EXERCISE INSTRUCTIONS:
In the records below, repeat word for word only the lines starting at the one that contains "İsme Özel Süet Kep Şapka - AB01013 - Kırmızı" and ending at the one that contains "使用材料 | 関西ペイント/アレスダイナミックルーフ(屋根)/コーヒーブラウン", pictures excluded.

RECORDED INFORMATION:
Content starts

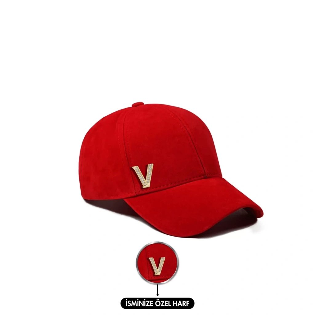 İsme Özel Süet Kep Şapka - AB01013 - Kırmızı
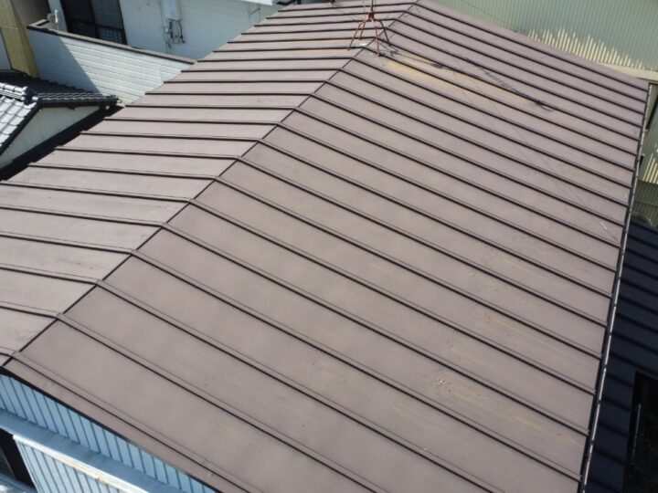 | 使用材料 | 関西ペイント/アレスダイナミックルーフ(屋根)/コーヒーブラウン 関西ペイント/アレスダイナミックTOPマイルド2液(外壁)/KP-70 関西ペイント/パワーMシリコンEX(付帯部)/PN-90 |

Content ends
Content starts

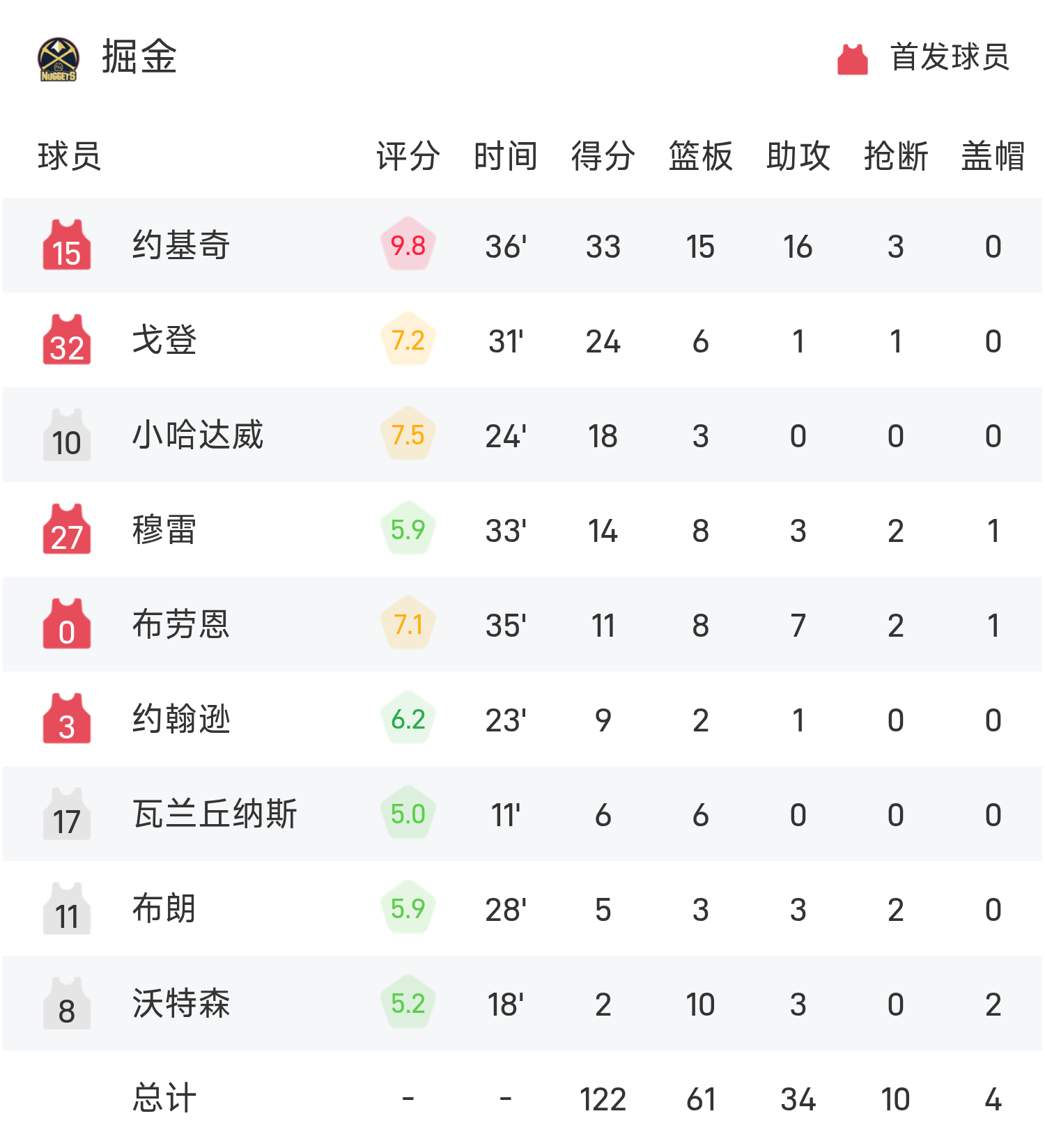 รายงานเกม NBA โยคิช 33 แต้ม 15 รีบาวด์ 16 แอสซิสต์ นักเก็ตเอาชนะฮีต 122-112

Content ends
Content starts

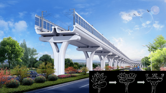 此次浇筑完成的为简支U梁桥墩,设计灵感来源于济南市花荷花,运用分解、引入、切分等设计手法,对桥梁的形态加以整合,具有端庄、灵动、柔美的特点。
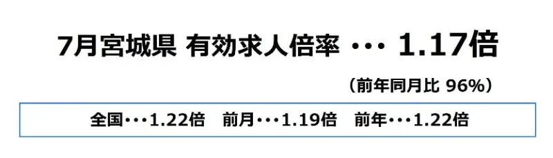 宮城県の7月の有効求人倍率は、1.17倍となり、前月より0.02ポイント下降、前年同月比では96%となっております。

Content ends

ANSWER BELOW:
 İsme Özel Süet Kep Şapka - AB01013 - Kırmızı
 | 使用材料 | 関西ペイント/アレスダイナミックルーフ(屋根)/コーヒーブラウン 関西ペイント/アレスダイナミックTOPマイルド2液(外壁)/KP-70 関西ペイント/パワーMシリコンEX(付帯部)/PN-90 |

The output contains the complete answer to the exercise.